◆ ENTRIES PROVIDED:
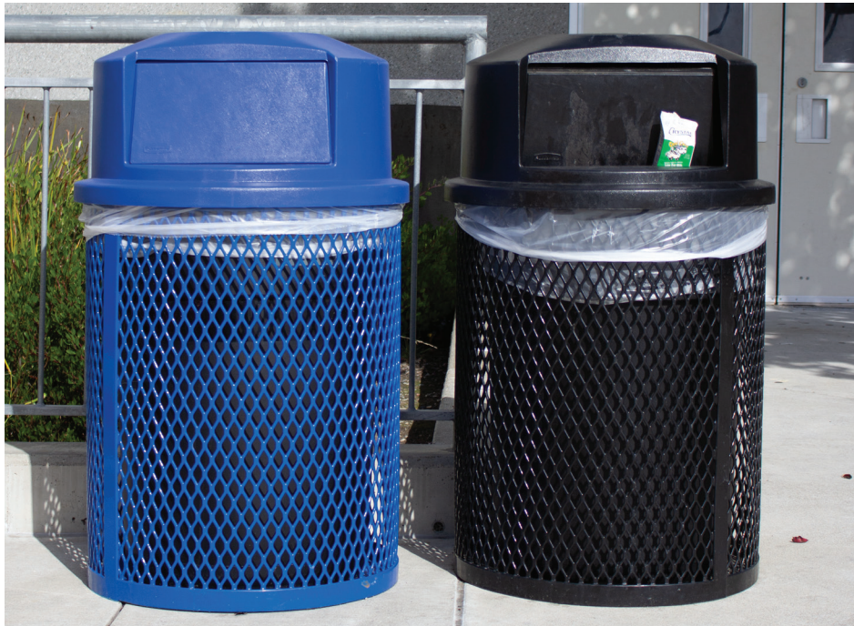
Trash and recycling cans, with milk jug in the trash.

Next time you are heading to class, standing in front of the overfilled bins, take a moment to sort your trash and set a good example. It's time for us, as the student body, to take responsibility for the mess we've made. 🐾
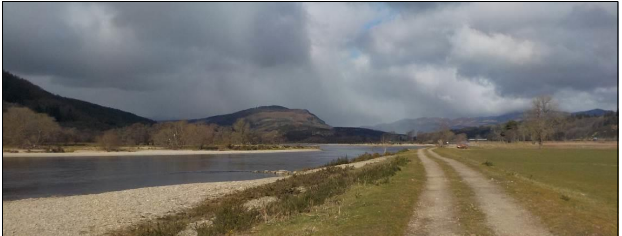
Photograph 9.2: Local Path alongside River Tay (Path 58)
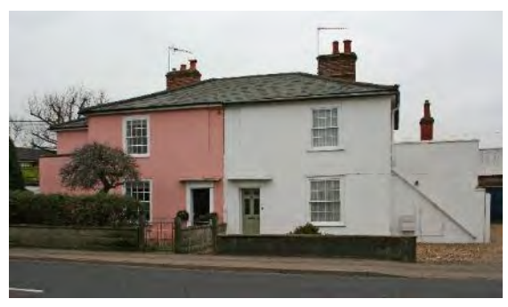
Nos.22 & 24 St John's Road

recently rebuilt. Stone rubble wall with red brick dressings separating Nos. 20 & 22, rear section of red brick. Late twentieth century garage to No.20 not included.
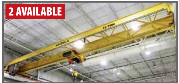
MAZZELLA 10 TON BRIDGE CRANE

P & H HAN-TEK 5-TON FREE STANDING BRIDGE CRANE, Est. 20' Span, w/6-Post Free Standing Structure, Est. 45' Length
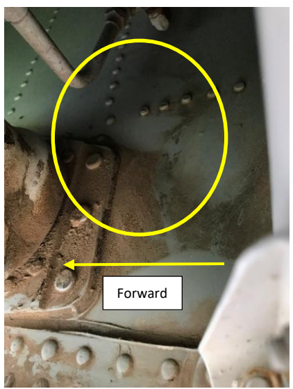
Zoomed in – deformation /buckling circled.
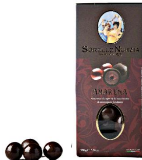
Amarena-Chocolate Praline $6.90
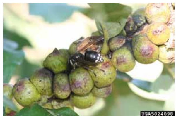
Fig. 12. Example of hornets scavenging fruit. 1

◆ ASSIGNED TASK: Report every line above that has the string "trash" in it.

◆ SOLUTION:
Trash and recycling cans, with milk jug in the trash.
Next time you are heading to class, standing in front of the overfilled bins, take a moment to sort your trash and set a good example. It's time for us, as the student body, to take responsibility for the mess we've made. 🐾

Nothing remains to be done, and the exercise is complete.